**What is being asked**
Your output should be the complete listing, word for word, with no pictures in it.

**Given data**
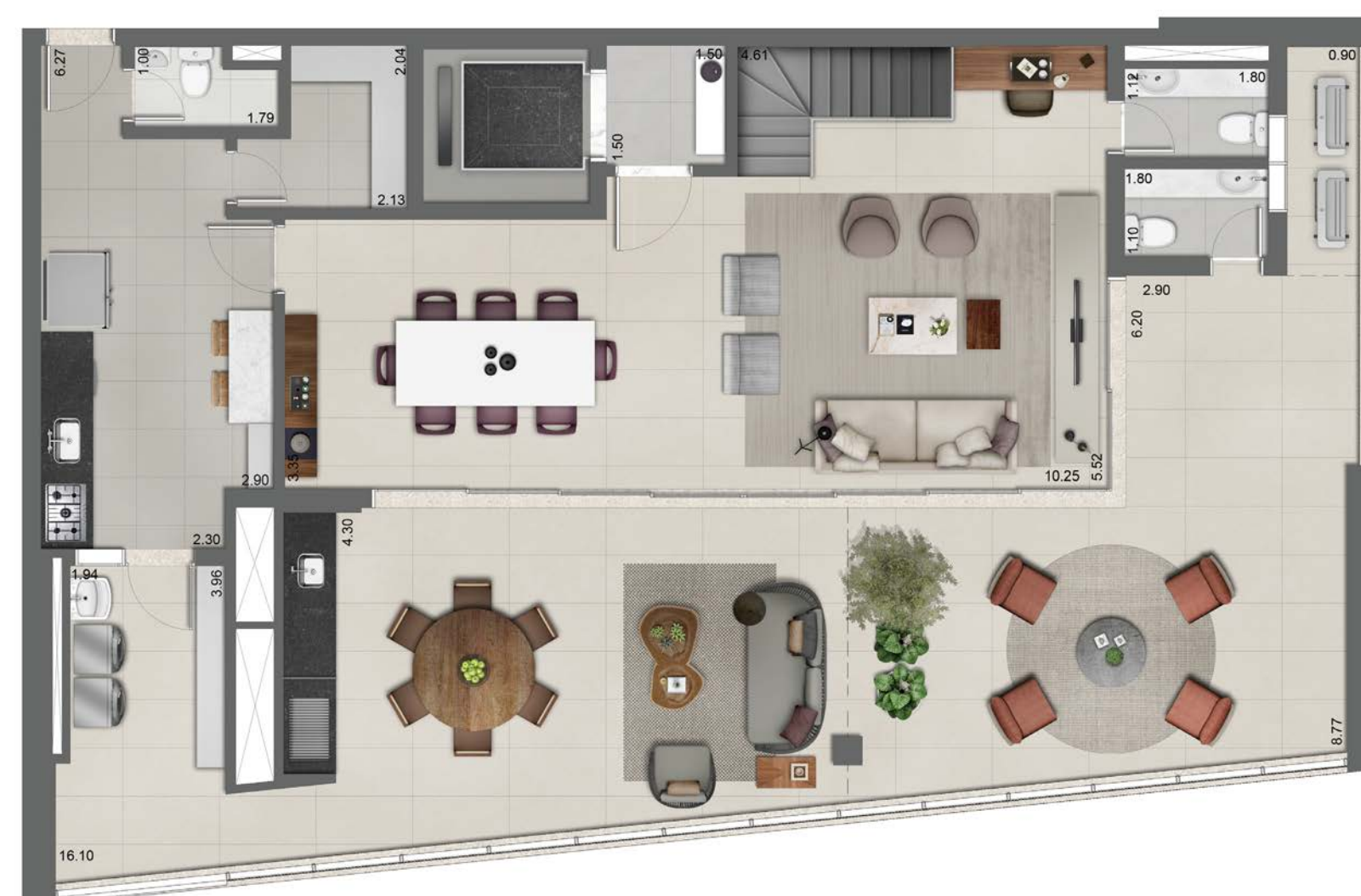
Planta ilustrada do apto. duplex de 318 m 2 - piso superior (final 1 e 3 da torre B).
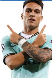
لاوتارو مارتينيز: نحن نلعب بشكل جيد لكننا نرتكب الأخطاء على الدوام..

يسجل بايرن أربعة أهداف في الدقائق العشر الأولى تلك أن المباراة رائحة بالتأكد بالنسبة للبايرن لكننا لم تكن كذلك بالنسبة للمدرب الذي عاش ليلة صعبة حتى جاء الفرج في الدقائق الأخيرة مساهمة من هاندلر والسبيكة الموس للناصري الروماني روبرت ليفاندوفسكي الذي أنتج رصيده التهديفي في تسعة هذا الموسم بثلاثية.

**Solution to this exercise**
Planta ilustrada do apto. duplex de 318 m 2 - piso superior (final 1 e 3 da torre B).
لاوتارو مارتينيز: نحن نلعب بشكل جيد لكننا نرتكب الأخطاء على الدوام..

يسجل بايرن أربعة أهداف في الدقائق العشر الأولى تلك أن المباراة رائحة بالتأكد بالنسبة للبايرن لكننا لم تكن كذلك بالنسبة للمدرب الذي عاش ليلة صعبة حتى جاء الفرج في الدقائق الأخيرة مساهمة من هاندلر والسبيكة الموس للناصري الروماني روبرت ليفاندوفسكي الذي أنتج رصيده التهديفي في تسعة هذا الموسم بثلاثية.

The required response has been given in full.